On Wed, May 11, 2016 at 4:41 PM, Josef Bacik <jbacik@xxxxxx> wrote:
> On 05/09/2016 07:01 AM, fdmanana@xxxxxxxxxx wrote:
>>
>> From: Filipe Manana <fdmanana@xxxxxxxx>
>>
>> When we do a direct IO write against a preallocated extent (fallocate)
>> that does not go beyond the i_size of the inode, we do the write operation
>> without holding the inode's i_mutex (an optimization that landed in
>> commit 38851cc19adb ("Btrfs: implement unlocked dio write")).
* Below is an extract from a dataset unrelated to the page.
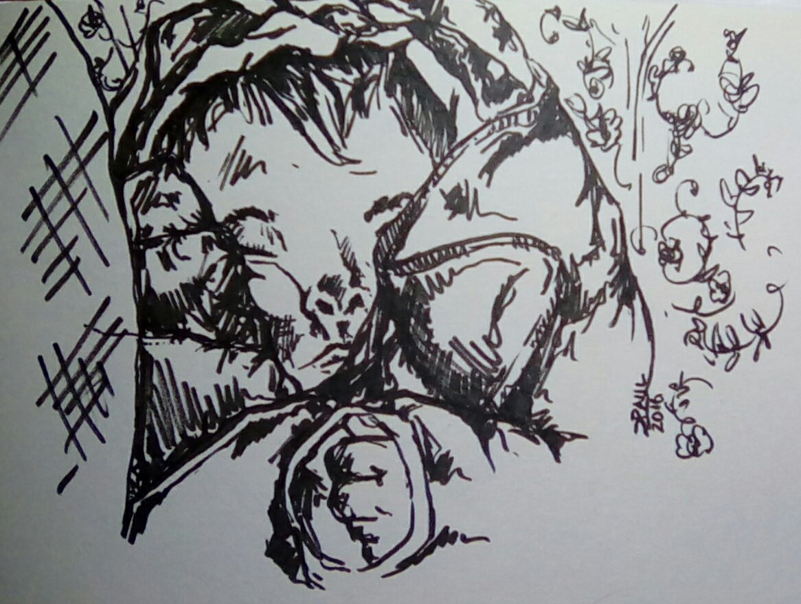 Captured one of my little ones still snoozing after a car ride home. He was successfully transfered from car to couch, and is sunken down into his coat. Done with #FaberCastell PITT pen in size B in black in my moleskin sketchbook.

This allows
>> for a very tiny time window where a race can happen with a concurrent
>> fsync using the fast code path, as the direct IO write path creates first
>> a new extent map (no longer flagged as a prealloc extent) and then it
>> creates the ordered extent, while the fast fsync path first collects
>> ordered extents and then it collects extent maps. This allows for the
>> possibility of the fast fsync path to collect the new extent map without
>> collecting the new ordered extent, and therefore logging an extent item
>> based on the extent map without waiting for the ordered extent to be
>> created and complete. This can result in a situation where after a log
>> replay we end up with an extent not marked anymore as prealloc but it was
>> only partially written (or not written at all), exposing random, stale or
>> garbage data corresponding to the unwritten pages and without any
>> checksums in the csum tree covering the extent's range.
>>
>> This is an extension of what was done in commit de0ee0edb21f ("Btrfs: fix
>> race between fsync and lockless direct IO writes").
>>
>> So fix this by creating first the ordered extent and then the extent
>> map, so that this way if the fast fsync patch collects the new extent
>> map it also collects the corresponding ordered extent.
>>
>
> So this seems to just be trading one problem for another bad behavior. Now
> instead we'll end up with an ordered extent but possibly not the extent map,
> which is fine, but seems ugly, and is a subtle and undocumented behavior
> that is going to bite us in the ass in the future.
>
> I know everybody loves lockless writes, but we need to protect for this
> particular case in an explicit way so I don't go change something in the
> future and forget about this dependency. What if we add a rwsem around
> adding the extent map and the ordered extent. In fact we pull this dance
> out into a common helper function so everybody who wants to do this just
> calls the helper function that is easy to audit and understand, then we just
> put a
>
> down_read(&BTRFS_I(inode)->lets_not_fuck_fsync));
> /* Do our extent map + ordered extent dance here */
> up_read(&BTRFS_I(inode)->lets_not_fuck_fsync));
>
> and then where we gather all of this stuff in fsync we do a
> down_write/up_write. This won't affect the buffered write case currently as
> we're still protected by the i_mutex, and then makes the direct io case much
> cleaner and safer. Then later on when we want to remove the i_mutex from
> the buffered write case we have one less gotcha to worry about. Thanks,
Agreed. I though about something similar initially but I didn't want
to increase the size of struct btrfs_inode.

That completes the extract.